„Slow Fashion“ mit Herzblut im Frankenwald
Das Modelabel „bleed“ aus Helmbrechts im Frankenwald hat einen klaren Standpunkt: Mensch, Tier und Natur haben für die sogenannte „Fast Fashion“ genug gelitten. Dass Mode auch anders und vor allem nachhaltig sein kann, zeigen Gründer Michael Spitzbarth und sein kreatives Team mit jeder neuen Kollektion.
Wenn man Wein mit Familiennamen (und Sisi mit Vornamen) heißt, passt es wunderbar, wenn man über den Frankenwein schreiben darf. Und über Frankens kulinarische Besonderheiten. Über Natur, Traditionen und Kultur. Und vor allem über die Menschen, die das Urlaubsland so besonders machen. Das tue ich, seitdem ich vor rund 20 Jahren als Journalistin vom Bayerischen Wald in den Naturpark Altmühltal gezogen bin. So vereint meine Arbeit zwei meiner Lieblingsdinge: Schreiben und Reisen – denn noch immer ist jeder Recherche-Besuch in Franken wie Urlaub, bei dem unglaublich spannende und gastfreundliche Menschen meinen Horizont erweitern.
Mit den Hausbesuchen begleiten wir Einheimische bei ihrem täglichen Wirken im Urlaubsland Franken. Heute bin ich unterwegs im Frankenwald und besuche Michael Spitzbarth, der mit seinem Label „bleed“ auf nachhaltige Fashion setzt.
Paris, Mailand, New York – jeder kennt die großen Modemetropolen. Aber Helmbrechts? Ganz genau! Diese kleine Stadt im Frankenwald sollte jeder auf dem Schirm haben, der Wert auf nachhaltige, fair produzierte sowie vegane Sport- und Streetwear legt.
An sich hat der Frankenwald durchaus eine lange Textil-Geschichte, weshalb die Hochschule Hof am Campus Münchberg unter anderem den Studiengang Textildesign anbietet. Dort hat auch Michael Spitzbarth studiert: Jahrgang 1981, geboren und aufgewachsen im Nachbarort Helmbrechts, Sport- und Naturmensch durch und durch. Nach seinem Abschluss 2006 designt er zunächst für die großen Sportartikelhersteller und erhält dadurch Einblick in die sogenannte „Fast Fashion“. „Hier wird oft viel zu viel Ware mit immer schnelleren Kollektionswechseln produziert und letztendlich weggeworfen.

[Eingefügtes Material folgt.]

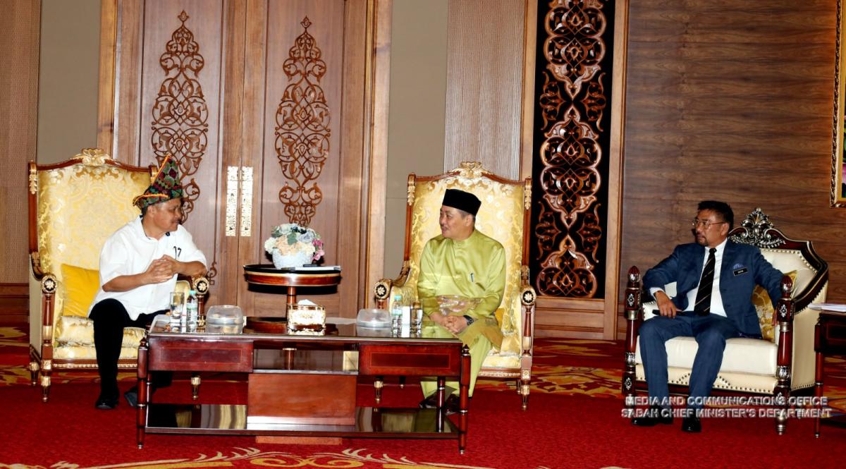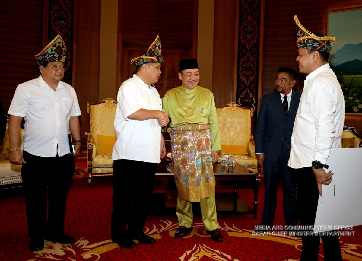 Yang Amat Berhormat Ketua Menteri menerima Kunjungan Hormat daripada Rombongan Pejabat Daerah Keningau yang diketuai oleh Pembantu Menteri Kerja Raya ADUN N.40 Bingkor, YB Datuk Robert Tawik di Pejabat Ketua Menteri, Menara Kinabalu

Das konnte ich nicht mit meinem Gewissen vereinbaren“, erinnert sich der Designer. „Wenn jemand draußen Sport macht, darf er diesen Spielplatz nicht beschädigen – auch nicht durch die Kleidung, die er trägt.“ Nach zwei Jahren zieht Spitzbarth den Schlussstrich. Er hebt „bleed“ aus der Taufe. Den Namen wählt er bewusst. Für ihn haben „Natur, Mensch und Tier genug für die Mode geblutet“. Nachhaltig, fair und vegan soll die Mode seines Labels sein. Und so inspiriert seit 2008 die Natur Designs, Prints sowie Farbauswahl.
„Natur, Mensch und Tier haben genug für die Mode geblutet.“
Michael Spitzbarth
Die Auswahl im Laden am heutigen „bleed“-Standort in Helmbrechts bestätigt das: Hier dominieren Olivgrün, Senfgelb, Dunkellila oder Naturweiß sowie langlebige und nachhaltige Materialien wie Hanf, Leinen, Biobaumwolle, TENCEL™, Modal (TENCEL™), Kapok oder Kork. Sogar Garne aus alten Fischernetzen werden verarbeitet, mittlerweile bereichern auch Schuhe aus Reifenabfällen und Naturkautschuk das Angebot. Das schicke „bleed“-Zuhause war übrigens einst ein Autohaus aus den 1980er Jahren. Auch das gehört für Michael Spitzbarth ebenso wie der Büro-Teppich aus recyceltem Ozean-Plastikmüll oder die Ladeneinrichtung aus alten Gerüstbohlen zur Nachhaltigkeit. Soviel Konsequenz wird belohnt: nicht nur mit der Beliebtheit der „bleed“-Kleidung, sondern auch mit den Zertifizierungen „GOTS“ (Global Organic Textile Standard), „Peta approved vegan“ und „Global Recycled Standard“.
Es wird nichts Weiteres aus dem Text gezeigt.